------ SUPPLIED INFORMATION

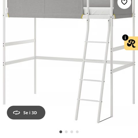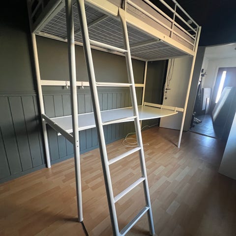 IKEA loftseng med integrert skrivebord i hvit utførelse. Sengen står høyt, med stige på siden for adkomst til liggeflaten. Under sengen er det et fastmontert skrivebord som gir arbeids- og oppbevaringsplass. Rammen er i metall med rekkverk rundt overkøya. Passer på barnerom, ungdomsrom eller andre rom der man ønsker å utnytte plassen under sengen til skrive- eller hobbyområde. Stigen kunne trengt et lag med maling ,men ellers veldig fin seng, madrass kan følge med om dere ønsker, man trenger heller ikke montere pult om dere trenger ekstra plass under .
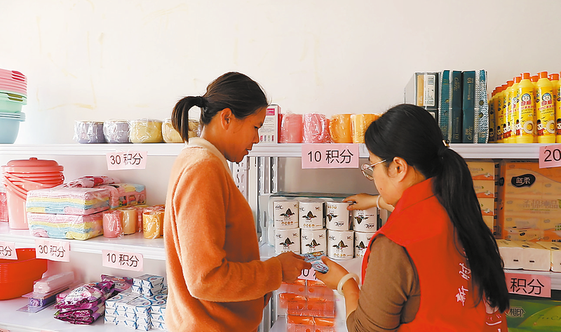 △3月2日,廟溝鎮(zhèn)雙喜村群眾在“道德超市”用積分兌換生活用品。
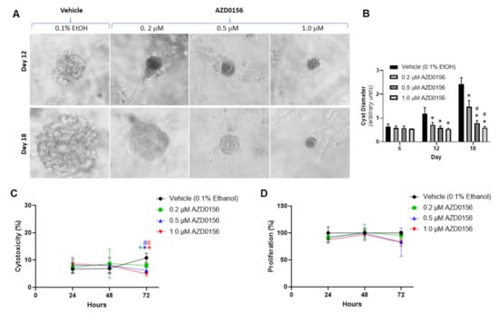 Effect of AZD0156 (ATM inhibitor) on in vitro cyst growth in human ADPKD cells. Human ADPKD cysts derived from WT 9-12 cells were treated with either vehicle [0.1% ethanol (EtOH)] or AZD0156 (0.2, 0.5, and 1 μM) for 18 days. (A) Representative images of human ADPKD cysts treated with AZD0156 on Days 12 (upper panel) and 18 (lower panel) (Images were obtained using 10x objective). (B) Mean Cyst diameter on Days 6, 12, and 18 in the experimental groups. * p < 0.05 compared to vehicle, and # p < 0.05 compared to 0.2 µM AZD0156. (C) Mean percentage cytotoxicity (measured using the LDH assay) and (D) Mean cell proliferation (measured by the BrdU assay) following treatment with either AZD0156 or vehicle. * p < 0.05 compared to vehicle and # p < 0.05 compared to 0.2 µM AZD0156 (color of asterix/hash corresponds to the respective line color). All p-values in figure were determined by one-way ANOVA, followed by post hoc analysis with the Tukey–Kramer HSD test, and data presented as means ± SD (n = 6 per group).

------------

**EXERCISE**.
Output each of the lines above exactly, apart from the images.

**FINAL ANSWER**.
 IKEA loftseng med integrert skrivebord i hvit utførelse. Sengen står høyt, med stige på siden for adkomst til liggeflaten. Under sengen er det et fastmontert skrivebord som gir arbeids- og oppbevaringsplass. Rammen er i metall med rekkverk rundt overkøya. Passer på barnerom, ungdomsrom eller andre rom der man ønsker å utnytte plassen under sengen til skrive- eller hobbyområde. Stigen kunne trengt et lag med maling ,men ellers veldig fin seng, madrass kan følge med om dere ønsker, man trenger heller ikke montere pult om dere trenger ekstra plass under .
 △3月2日,廟溝鎮(zhèn)雙喜村群眾在“道德超市”用積分兌換生活用品。
 Effect of AZD0156 (ATM inhibitor) on in vitro cyst growth in human ADPKD cells. Human ADPKD cysts derived from WT 9-12 cells were treated with either vehicle [0.1% ethanol (EtOH)] or AZD0156 (0.2, 0.5, and 1 μM) for 18 days. (A) Representative images of human ADPKD cysts treated with AZD0156 on Days 12 (upper panel) and 18 (lower panel) (Images were obtained using 10x objective). (B) Mean Cyst diameter on Days 6, 12, and 18 in the experimental groups. * p < 0.05 compared to vehicle, and # p < 0.05 compared to 0.2 µM AZD0156. (C) Mean percentage cytotoxicity (measured using the LDH assay) and (D) Mean cell proliferation (measured by the BrdU assay) following treatment with either AZD0156 or vehicle. * p < 0.05 compared to vehicle and # p < 0.05 compared to 0.2 µM AZD0156 (color of asterix/hash corresponds to the respective line color). All p-values in figure were determined by one-way ANOVA, followed by post hoc analysis with the Tukey–Kramer HSD test, and data presented as means ± SD (n = 6 per group).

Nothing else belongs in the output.